語学習得には「体を動かす」のが正解だった

語学と運動の不思議な関係性

具体的に言うと、学生たちはエクササイズ用のバイクをゆったりしたペース(それぞれの最大有酸素能力のほぼ60%)でこぐよう指示された。学生たちは授業20分前からバイクをこぎ始め、授業が始まってからも15分程度こぎ続けた。

記憶を長持ちさせる効果も

授業ではどちらのグループも、大型スクリーンに新しい単語が対応する絵(「apple」なら赤いリンゴの絵)とともに映し出されるのを見て単語を覚えた。1度の授業で表示される単語は40個だった。

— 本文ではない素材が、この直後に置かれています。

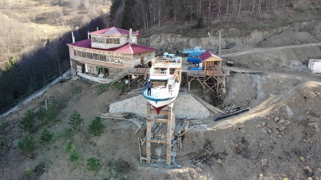 - Düzköy ilçesinde beton yapının üzerine yerleştirilen 15 metrelik tekne görenleri şaşırtıyor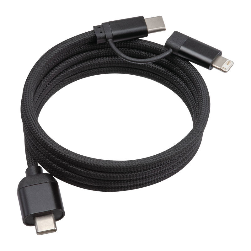 Dieses Kabel verfügt über einen USB-A- und USB-C-Eingangsanschluss sowie einen kombinierten USB-C-, Micro-USB- und Lightning/Micro-USB-Ausgangsanschluss. Dank all dieser Anschlüsse können Sie die meisten Smartphones mit iOS-/Android-Betriebssystemen, die meisten Kameras, Powerbanks und Kopfhörer aufladen. Das Kabel mit einer Länge von 100 cm besteht aus recyceltem Aluminium und RPET-Material.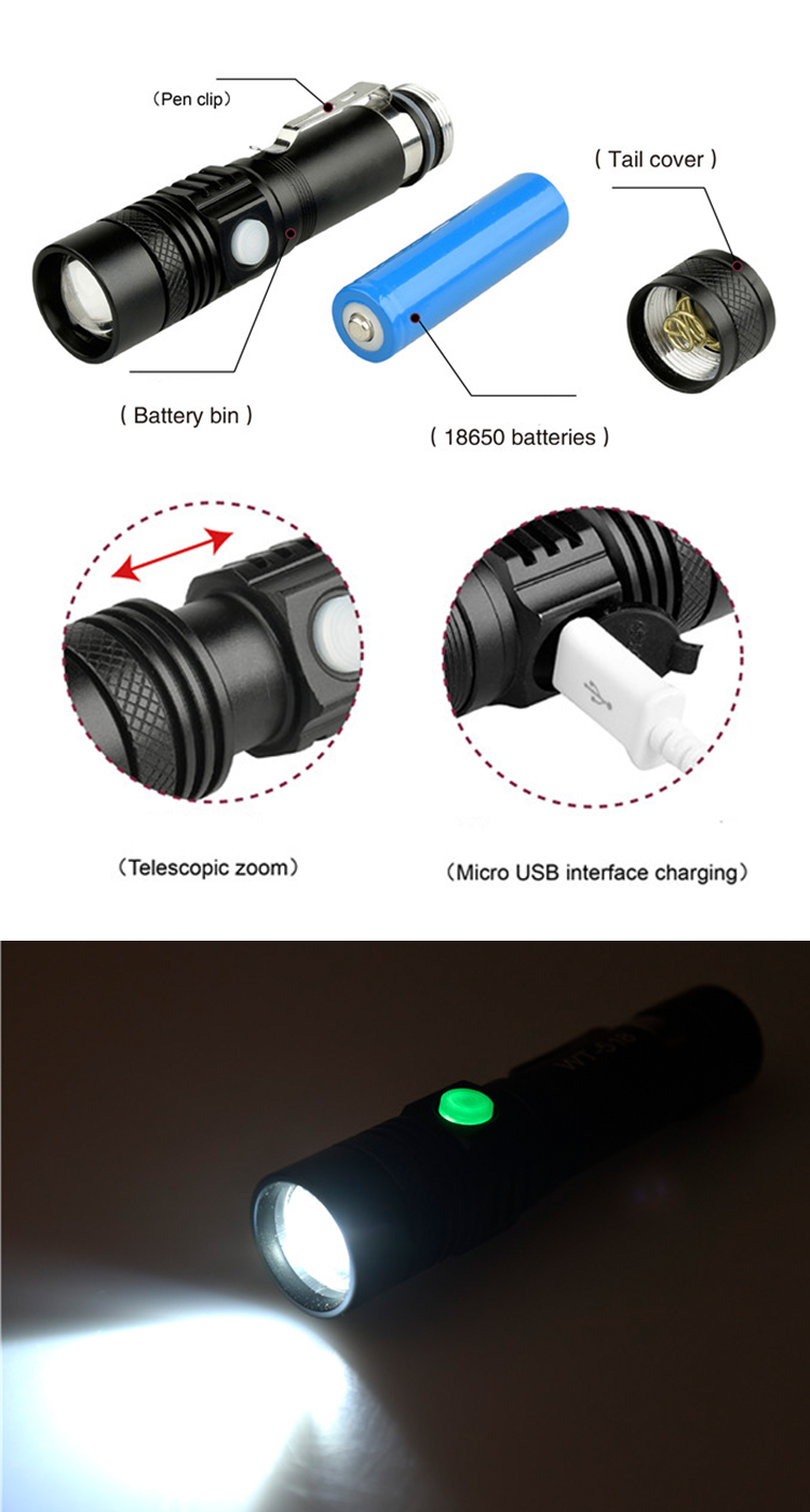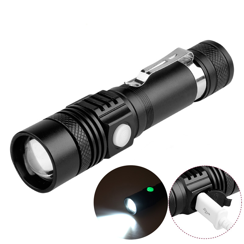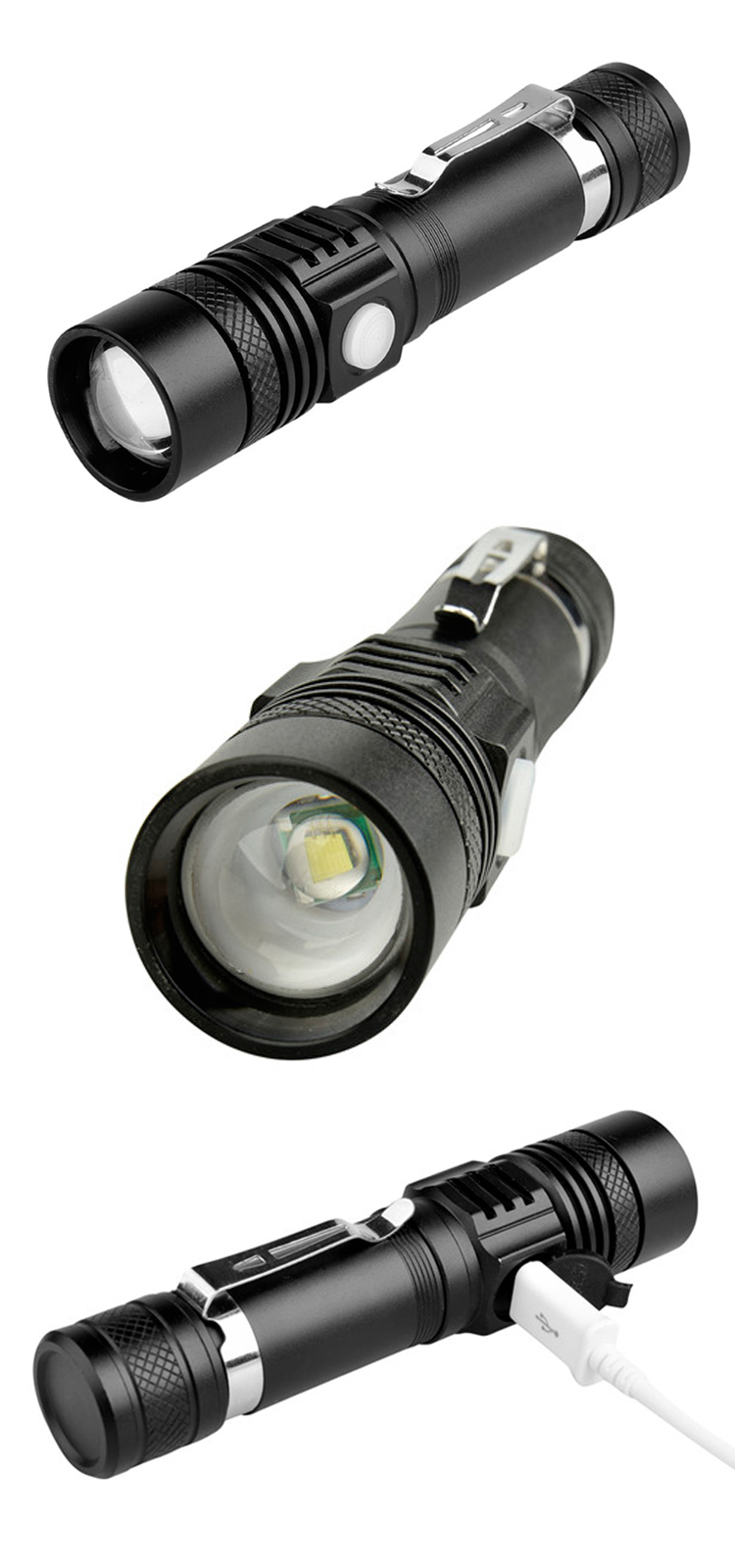 Aluminum Alloy Portable 3 modes Adjustable Focus Flashlight Mini USB Rechargeable Torch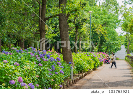紫陽花が咲き乱れる初夏の広場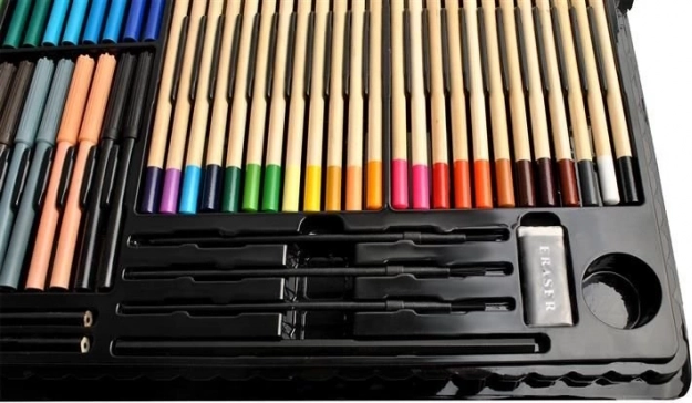 Puikus piešimo ir tapymo rinkinys siūlo viską, ko reikia tiek pradedantiesiems, tiek pažengusiems menininkams. Dėl plataus 288 elementų pasirinkimo jis leidžia įgyvendinti kūrybines idėjas ir lengvai transportuoti dėl praktiško lagamino.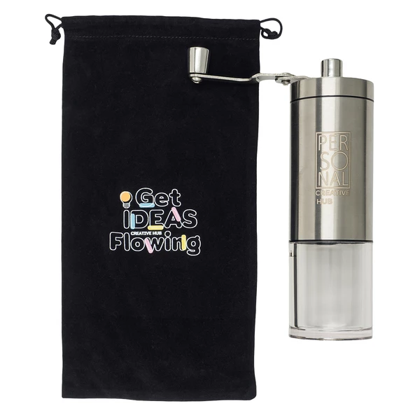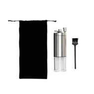 Młynek do kawy ze składaną rączką. Wyposażony w ceramiczne żarna. Możliwość regulacji grubości mielenia ziaren. Ręczne mielenie pozwala wydobyć naturalny aromat i smak kawy. W zestawie znajduje się szczoteczka do czyszczenia żaren oraz aksamitny woreczek, do którego można spakować młynek i zabrać go ze sobą. Pojemność zbiorniczka ok. 60ml.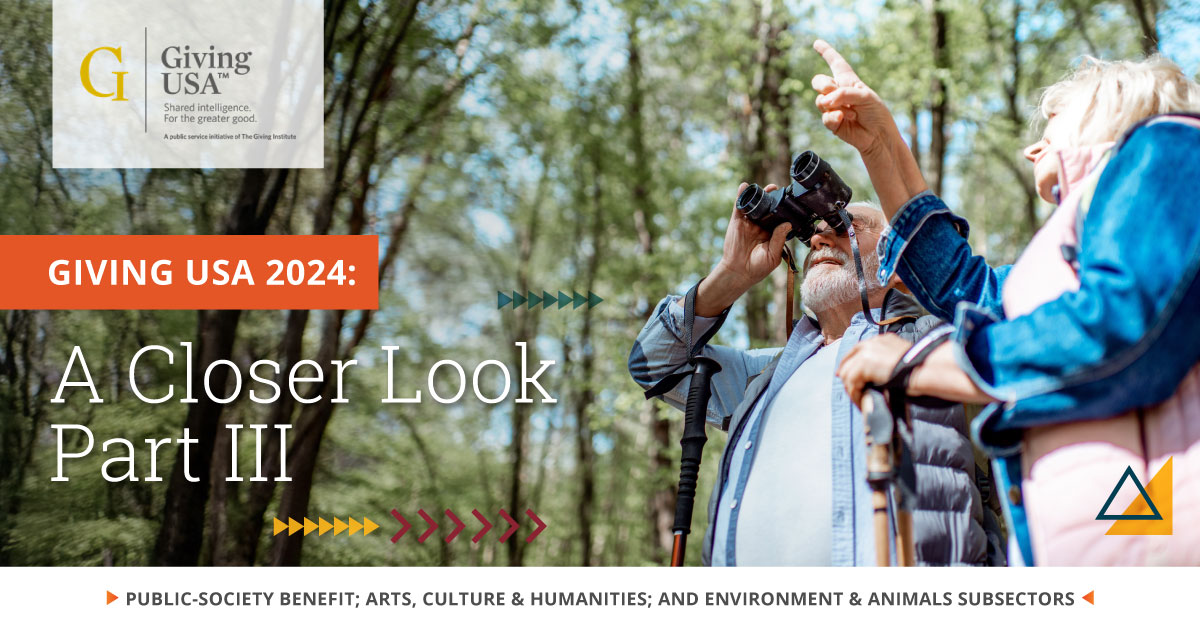 We continue our series on Giving USA 2024 with a look into three of the smaller subsectors: Public-Society Benefit; Arts, Culture and Humanities; and Environment and Animals. Together, these subsectors received roughly 17% of total giving to nonprofits in 2023. Giving in these subsectors increased between 2022 and 2023, with inflation-adjusted increases ranging from 3.9% (environment and animal organizations) to 7.2% (public-society benefit organizations).

授業が終わったらどちらのグループの学生も短い休憩を取り、語彙力を調べるテストを受けた。単語と絵の組み合わせが正しいかどうかをコンピュータのキーを使ってできるだけ早く答えるというものだ。また、新しく習った単語を使った文章を読み、意味が通っているかどうかを答えた(「The apple is a dentist」ならノーだ)。言語学においては一般的に、文章を理解できるということは単なる語彙の増加よりもさらに言語の習熟度が向上したこと示すと考えられている。

学生たちは8回の授業を2カ月間にわたって受けた。

各授業の後で受けたテストでは、バイクこぎをした学生たちのほうが座っていただけの学生たちよりいい成績を収めた。

また、文章が正しいかどうか見分けるテストでもバイクこぎをした学生たちのほうが好成績だった。もっとも、何度か授業を受けるまで、両者の差ははっきり見えてはこなかった。

最も興味深い点は、習得した語彙であれ単語の意味の理解であれ、バイクをこいだグループのほうが「長持ち」したということだ。授業終了から1カ月後に行った再テストでも、バイクこぎグループのほうが単語を多く覚えていて、文章で使われたときの理解も正確だった。

論文の共著者であるビタサルーテ・サンラファエーレ大学(イタリア)のシモーネ・スルピツィオ教授(心理学・言語学)は、「この結果は、学習中に体を動かすとより効率よく学べるようになることを示している」と語る。

スルピツィオ教授によれば、運動の効果は記憶を助けるだけにとどまらない。新たに覚えた単語の使い方への理解度もアップするという。

この研究では大学生に比較的軽い運動をさせたが、ほかの運動をしているほかの人たちでも同じ結果が出るかどうかはここからはわからない。

また、脳内で何が起きてこうした効果を生むのかについての手掛かりも示されてはいない。だが教授によれば、運動により脳内でさまざまな神経化学物質の放出が促され、脳細胞やニューロン間の結合が増えることを示す研究は数多いという。これにより脳の可塑性が上がり、学習能力もアップするというわけだ。

研究結果がどうあれ、現実世界への応用は難しいと思うかもしれない。フィットネス用バイクを置いてある教室などほとんどないからだ。だがスルピツィオ教授は、特別な道具は必要ないだろうと言う。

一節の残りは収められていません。